OK, I may have most or all of the details wrong, because it was a long time ago (probably early 1980s)…
I remember an exhibit in the Boston Museum of Science with a spinning bicycle-type wheel inside a glass case. It was stated categorically that it was NOT a perpetual motion machine, but HAD been running for a long time, and challenged the visitors to determine how it worked (there was no explanation, you were supposed to write down your idea and put them in a box). I recall that there were some pipes inside angled towards the rim of the wheel, and may have been blowing on it.
Anyone have any idea what the hell I’m talking about?
I don’t think any of those are correct. The wheel was pretty solid, and had no obvious means of propulsion (i.e. no gears, chains, belts or motors). And I believe the description implied that no outside energy was being supplied.
Sounds very like the demos built by David Jones (best known as Deadalus in his columns for New Scientist and Nature). I’m not sure he’s ever gone public on how they actually work.
I remember that thing. I never found out the “real” reason either, but it sure looked like those little plastic boxes on the wheel rim would hold battery-powered electromagnets, well-aligned with the stationary metal plates they passed between.

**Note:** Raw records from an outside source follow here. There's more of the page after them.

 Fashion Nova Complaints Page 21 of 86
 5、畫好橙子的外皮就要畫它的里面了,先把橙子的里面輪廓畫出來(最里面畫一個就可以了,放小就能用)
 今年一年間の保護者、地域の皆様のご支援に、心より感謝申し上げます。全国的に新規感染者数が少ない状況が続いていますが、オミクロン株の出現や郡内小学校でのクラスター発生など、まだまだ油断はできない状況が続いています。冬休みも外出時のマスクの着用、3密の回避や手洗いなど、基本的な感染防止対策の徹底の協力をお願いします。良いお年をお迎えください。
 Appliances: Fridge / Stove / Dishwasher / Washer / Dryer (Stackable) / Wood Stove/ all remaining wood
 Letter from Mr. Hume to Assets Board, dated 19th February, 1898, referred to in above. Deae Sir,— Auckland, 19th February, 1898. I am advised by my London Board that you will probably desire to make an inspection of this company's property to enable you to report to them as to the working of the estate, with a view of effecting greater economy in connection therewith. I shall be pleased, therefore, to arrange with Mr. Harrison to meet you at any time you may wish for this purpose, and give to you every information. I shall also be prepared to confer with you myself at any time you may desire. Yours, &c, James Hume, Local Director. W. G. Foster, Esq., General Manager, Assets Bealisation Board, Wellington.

I do remember it had some brass rods hanging from the edges of the hub, going down to plates that moved up and down over stationary plates on the base. Those could have been the poles of pulsed electromagnets, too.
My first thought was that the OP was talking about a Daedulus machine. I saw one at the Ontario Science Centre in Toronto in the early 1980s, and still have no idea how it worked.

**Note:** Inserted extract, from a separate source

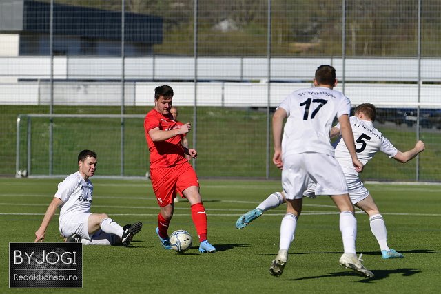 Fussball, Bezirksliga Ost, SG Weitefeld (rot) vs. SC Windhagen (weiß), 16.04.2022 |

One of my uncles had one of those fake perpetual motion machines you used to see a lot in the 80s. It consisted of a three-armed thingy that rolled along a plastic track that was lower in the middle than the ends. The trick was that there was a battery powered electromagnet hidden in the base under the track. When the battery ran out of juice, the spinny thing would keep going back and forth for a little while on inertia, but eventually would come to rest.
I was going to post that link. I saw one at the Science and Technical Museum in Vienna (third picture down, with the staircase in the background) and couldn’t figure out what kept it going. I’ve been meaning to ask about it here, but it sounds like I’d be out of luck.
There was text on the display case that may have explained it. Do we have any Viennese dopers who speak technical German?
On second look, and a complete reading of the article, it sounds like it may have been one of his (although it didn’t look like any of the wheels in the photos; less elaborate, IIRC).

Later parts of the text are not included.